Hi,
I wanted to use the LoadingController with Angularfire 2.
Current code sample
export class ItemPage {
items: FirebaseListObservable<any>;
loading: any;
constructor(public navCtrl: NavController, public navParams: NavParams,
public ngFire: AngularFire, public loadingCtrl: LoadingController) {
this.loading = this.loadingCtrl.create({
content: "Please wait...",
});
this.loading.present();
this.getItems();
}
getItems() {
this.ngFire.database.list('/items');
this.loading.dismiss();
}
}
But the loading symbol doesn’t wait until the Firebase fetch the data. I understand, i have to use the Promise here. But don’t know how to use that.
Thanks
Something like this…
getItems() {
this.ngFire.database.list('/items')
.then((_data)=> {
console.log('success')
this.loading.dismiss();
return _data;
}).catch(err => {
console.log(err, 'You do not have access!');
this.loading.dismiss();
});
}
@aaronksaunders
That didn’t worked. Got the following errors
Property ‘then’ does not exist on type ‘FirebaseListObservable<any[]>’.
what version of angular fire are you using…
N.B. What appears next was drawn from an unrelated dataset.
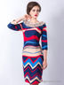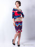 Эффектное платье прилегающего силуэта с втачными рукавами из плотного трикотажного полотна с купонным рисунком. Горловина изделия украшена декоративным элементом с оборками. Рекомендуем сочетать платье с крупными серьгами и браслетом. Аксессуары можно зак

Personally I don’t like storing loading controllers in object properties. It becomes unclear who is responsible for things when they are created in one place and torn down in another. Instead I prefer to always make them locally scoped, like so:
let loading = this._loadings.create({});
loading.present();
task().finally(() => {
loading.dismiss();
}).subscribe((result) => {
// do stuff with result
}, (err) => {
// deal with error
});
its a good think you said personally everyone has opinions…
I spent many years bashing my head against bugs in C/C++ where memory is allocated in one place and freed in another. It’s so easy to make memory leaks or hard-to-reproduce double dispose disasters under those conditions, and I think this is a (albeit fairly distant) cousin of that sort of situation.